Applying a transformation to such problems may diminish this favourable alignment. On easy functions like OneMax, a general fitness-level bound shows that performance unaffected by transformations, at least asymptotically speaking. While Trap can be optimised in expected time \(O(n^2 \log n)\), after applying a worst-case transformation the expected time increases to \(\Theta ((1/p_m)^{\lfloor n/2 \rfloor }n)\), which is better than the expected time of \((1/p_m)^{n}\) for a (1+1) EA by an exponential factor. We also saw that including two complementary search points like \(0^n\) and \(1^n\) can exponentially decrease the expected optimisation time on the hardest possible problems.

We showed that QD finds a \((1-1/e)\)-approximation for the task of monotone submodular function maximisation, given a single uniform cardinality constraint.

Finally, we considered the problem of finding a minimum spanning forest for edge-weighted graphs G with \(C(G) \in \{1, \ldots , n\}\) connected components. Here, a two-dimensional feature space spanned by the number of connected components and the number of edges used in the solutions yields a bound of \(O(m^2n^2)\) imitating Kruskal’s well-known MST algorithm. However, we showed that QD using only the CC-based dimension yields a significantly better upper bound of \(O((n-C(G)+1)m\max \{n-C(G)+1,\log n\})\) for integer weights up to \(2^{O(n)}\). On connected graphs this runtime bound simplifies to \(O(n^2m)\). Interestingly, we find that the working principles of QD are similar to those of GSEMO while its implementation is easier and there is no need to use the concept of Pareto-dominance.

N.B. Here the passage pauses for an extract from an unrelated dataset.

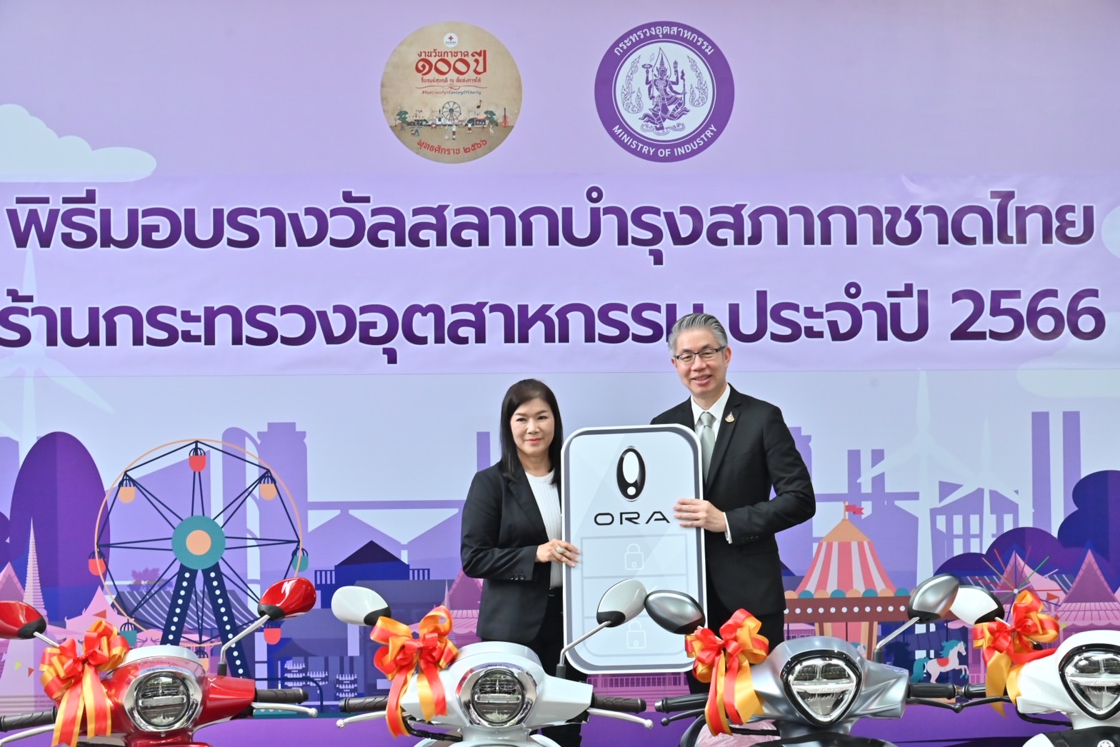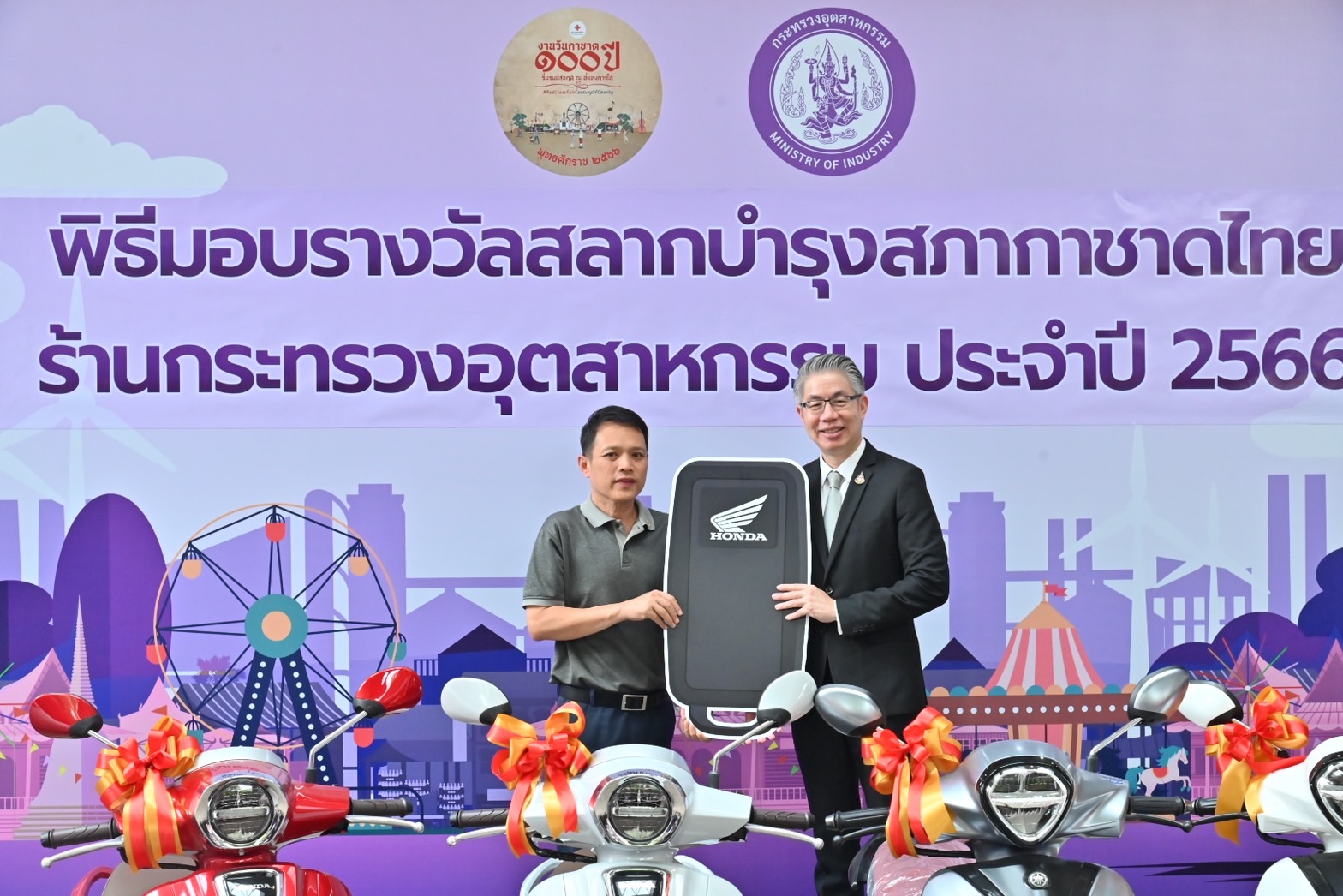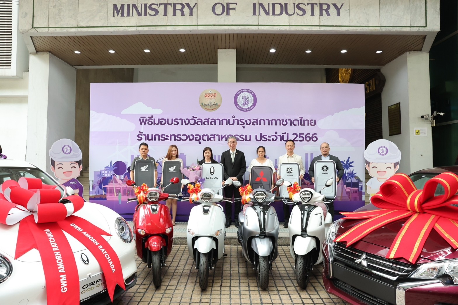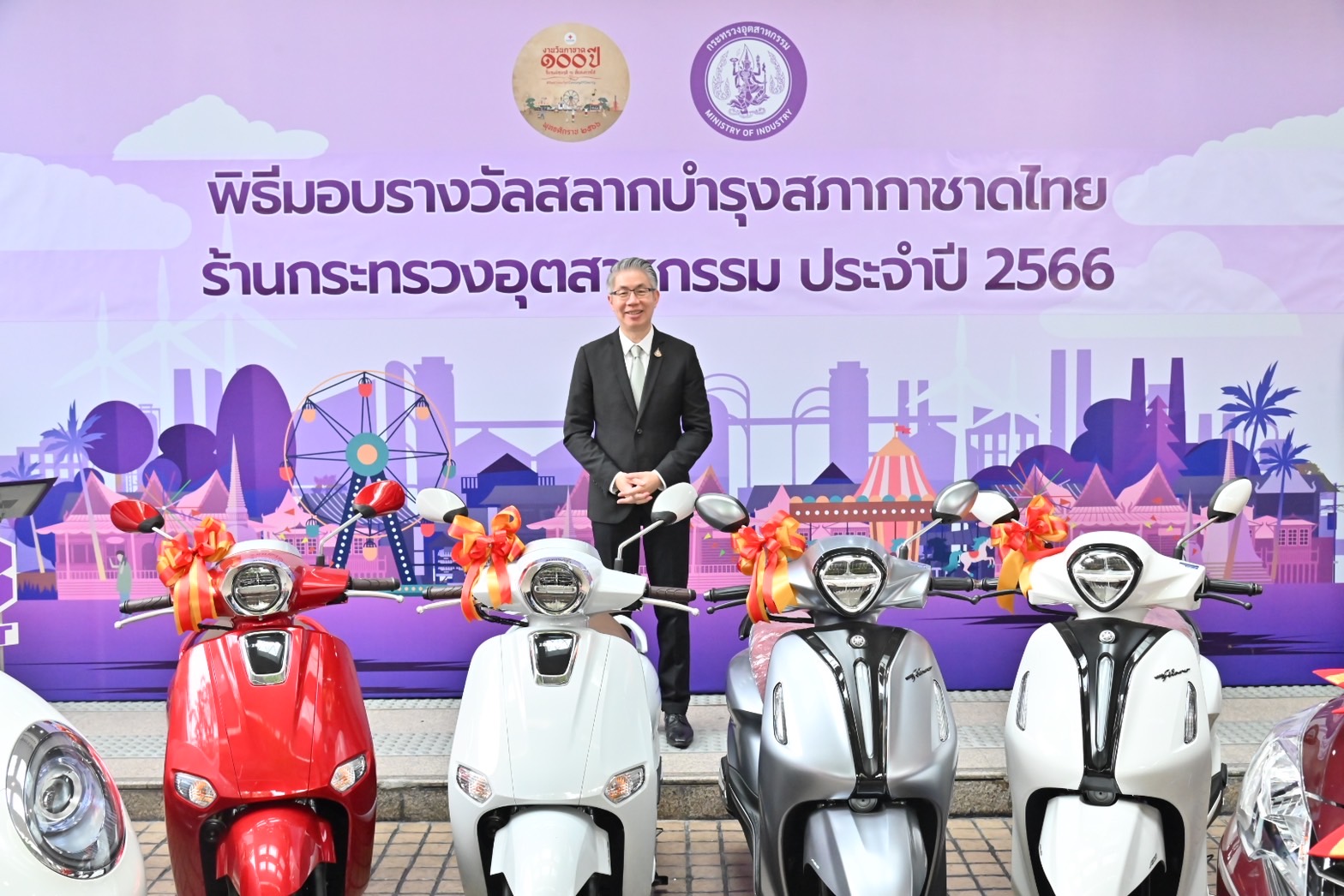 ปลัดฯ ณัฐพล กล่าวแสดงความยินดีกับผู้ได้รับรางวัล พร้อมกล่าวขอบคุณ ผู้สนับสนุนของรางวัล อาทิ บริษัท เกรท วอล มอเตอร์ , SMEs D Bank และหน่วยงานอื่นที่ร่วมให้การสนับสนุนของรางวัลของร้านกระทรวงอุตสาหกรรม โดยรายได้ทั้งหมดจากการจัดกิจกรรมภายในร้านของกระทรวงอุตสาหกรรม หลังจากหักค่าใช้จ่ายที่จำเป็นแล้ว จะนำขึ้นทูลเกล้าฯ โดยเสด็จพระราชกุศล และเพื่อบำรุงสภากาชาดไทย เพื่อนำไปใช้ในโครงการต่างๆที่เป็นสาธารณประโยชน์ต่อไป สำหรับรางวัลสลากบำรุงสภากาชาดไทย ร้านกระทรวงอุตสาหกรรม ประจำปี 2566 ที่ได้ทำพิธีมอบในวันนี้ (30 ม.ค.67) มีทั้งสิ้น 6 รางวัล ประกอบด้วย รางวัลที่ 1 รถยนต์ รุ่น ORA GOODCAT รางวัลที่ 2 รถยนต์ MITSUBISHI MIRAGE รางวัลที่ 3 รถจักรยานยนต์ HONDA GIORNO +125 จำนวน 2 คัน และรถจักรยานยนต์ YAMAHA GRAND FILANI HYBRID จำนวน 2 คัน

We see this paper as a starting point for a deep dive into the theoretical study of QD-algorithms. One important question for future work is to investigate the alignment between the feature space and the problem structure in more depth, to see how the efficiency of QD is affected if there is a mismatch between the two. Straightforward extensions of QD might consider more combinatorial optimisation problems, e.g., graph colouring problems, the study of different (multi-)dimensional feature spaces, and supplementary experiments. A first step in this direction was undertaken recently [43], where in the context of monotone submodular function optimisation the 1-NoO feature space was generalised by allowing users to add Boolean formulas to guide the optimisation process, leading to several overlaid problems being optimised in parallel [43]. We also see different directions for methodological/algorithmic extensions, e.g., keeping multiple solutions per cell or combining classic population-based EAs with quality diversity approaches. Another promising research direction is identifying general relationships between QD and GSEMO.